A lei eleitoral brasileira regula estritamente a distribuição de propaganda política nos meios de comunicação impressos e áudios-visuais durante a corrida eleitoral. Jornais podem publicar uma opinião favorável a um candidato, partido político, ou coalizão, desde que o artigo não seja pago pela campanha política. Rádios e televisões, contudo, são proibidas de “transmitir propaganda política ou disseminar opiniões favoráveis ou contrárias a um candidato, partido político ou coalizão” nos três meses anteriores à eleição. O Tribunal Regional Eleitoral é encarregado de julgar as reclamações.

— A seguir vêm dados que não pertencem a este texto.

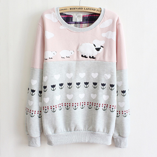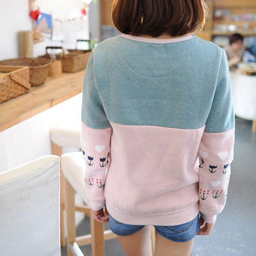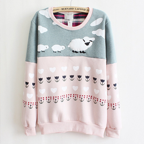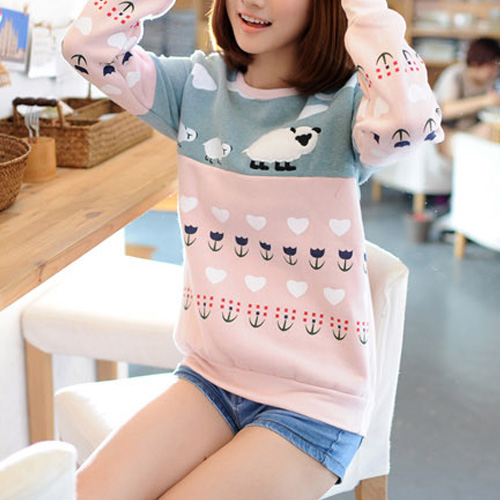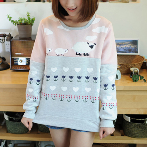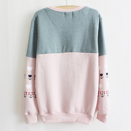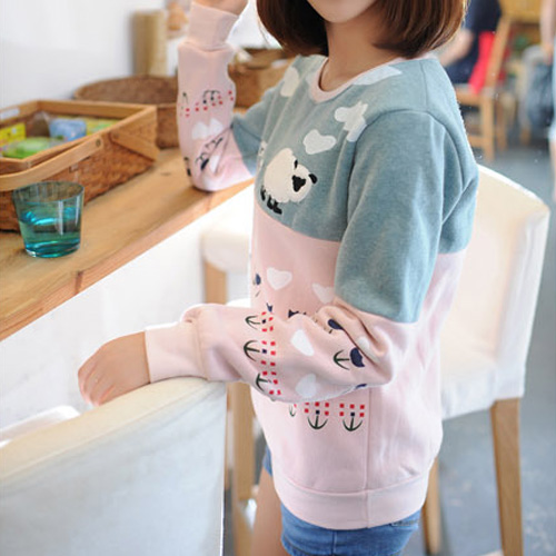 cute and sweet. Long sleeve,round neck and contrast color design. Enjoy the leisure time with this sweatshirt.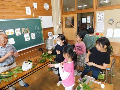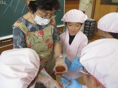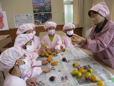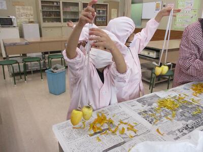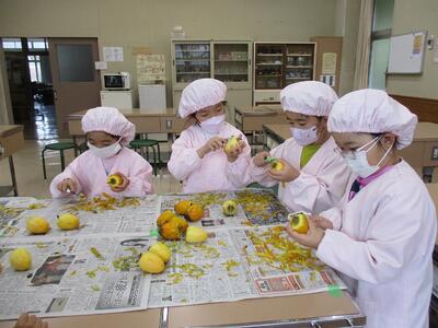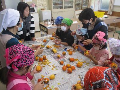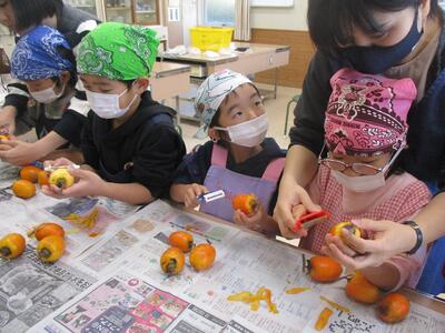 1・2年生が、生活科の学習で干し柿づくりをしました。渋柿は、地域のお寺で採らせていただいたものです。そして今回も、梅干し・梅ジュースづくりのとき同様、地域の先生からご指導をいただきました。慣れない道具も使いながらの活動でしたが、丁寧なご指導のおかげで、子どもたちは上手に安全に活動を楽しんでいました。食材をおいしくいただくための先人の知恵を体験し学んだ子どもたちでした。

As ações judiciais eleitorais, assim como outras relacionadas à honra e reputação de candidatos à eleição, são exaustivamente utilizadas por políticos que argumentam que qualquer crítica ou alegação de corrupção é planejada para favorecer seus rivais. Freqüentemente, eles têm sucesso em suas demandas. Em 30 de setembro, por exemplo, um juiz eleitoral do Amazonas fechou o canal de TV A Crítica, sediado em Manaus, por 24 horas em resposta a uma queixa apresentada pelo governador Eduardo Braga. Em 27 de setembro, durante um debate ao qual Braga não compareceu, a TV A Crítica veiculou segmentos com reportagens sobre suposta corrupção na administração estadual. O juiz considerou que as reportagens foram propaganda eleitoral ofensiva à honra e à dignidade de Braga.

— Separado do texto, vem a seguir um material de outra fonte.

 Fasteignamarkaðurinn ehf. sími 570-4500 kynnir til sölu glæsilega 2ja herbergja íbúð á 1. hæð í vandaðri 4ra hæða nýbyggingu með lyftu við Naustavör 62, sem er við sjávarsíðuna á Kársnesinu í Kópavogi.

Também, severas medidas que restringem o trabalho da imprensa permanecem nos livros. O Código Penal e a infame Lei de Imprensa, de 1967 – aprovada sob o regime militar – criminalizam a calúnia e a difamação. A Lei de Imprensa prevê penas de seis meses a três anos de prisão por calúnia, enquanto o código penal estipula pena de três meses a um ano por difamação. Ações judiciais por difamação contra a mídia – a maioria, queixas civis – cresceram centenas de vezes nos últimos anos, de acordo com informes locais. Empresários, políticos e funcionários públicos freqüentemente apresentam múltiplas ações judiciais contra meios de comunicação e jornalistas, em um esforço para pressioná-los financeiramente e forçá-los a interromper suas críticas. O queixoso pede somas desproporcionalmente grandes em dinheiro por “danos moras e materiais”.

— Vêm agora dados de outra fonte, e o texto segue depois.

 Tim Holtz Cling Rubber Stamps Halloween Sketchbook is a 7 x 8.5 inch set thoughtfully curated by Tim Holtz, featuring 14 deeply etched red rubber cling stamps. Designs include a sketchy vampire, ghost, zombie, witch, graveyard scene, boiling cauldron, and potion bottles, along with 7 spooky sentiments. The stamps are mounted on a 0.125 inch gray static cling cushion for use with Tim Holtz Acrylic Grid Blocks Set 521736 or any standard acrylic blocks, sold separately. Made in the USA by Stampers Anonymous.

Em nome da proteção da privacidade e da reputação, juizes rotineiramente expedem mandatos proibindo meios de comunicação de cobrirem alegações de corrupção envolvendo funcionários públicos, políticos e empresários. Em 8 de maio, por exemplo, um juiz de Campo Grande, capital do estado de Mato Grosso do Sul, concedeu ao candidato governista André Puccinelli uma injunção contra o diário local Correio do Estado. Puccinelli buscava constranger o jornal por fazer uma matéria sobre uma investigação federal sobre lavagem de dinheiro, primeiramente divulgada na edição de 25 de abril do jornal paulista O Estado de S.Paulo. Partindo da reportagem, o Correio do Estado buscou o comentário de Puccinelli, que negou qualquer delito. O juiz concedeu o pedido de Puccinelli e sentenciou o Correio do Estado a satisfazer as exigências de “objetividade da informação”, “verificação de fontes” e “imparcialidade e independência nas notícias publicadas” em sua cobertura sobre Puccinelli. Caso contrário, seria multado em R$ 500,00 por cópia publicada de qualquer história que falhasse em cumprir todos os critérios. O jornal apelou da decisão.
A concentração da propriedade de mídia continua sendo uma preocupação, especialmente no setor de telecomunicações, dominado pelo grupo Organizações Globo, um das maiores empresas de mídia do mundo e perene líder nacional em receita publicitária. Em alguns dos maiores mercados internos, um grupo dominante controla jornais, redes de televisão aberta e a cabo, estações de rádio e portais de Internet, limitando a diversidade de informação oferecida aos brasileiros.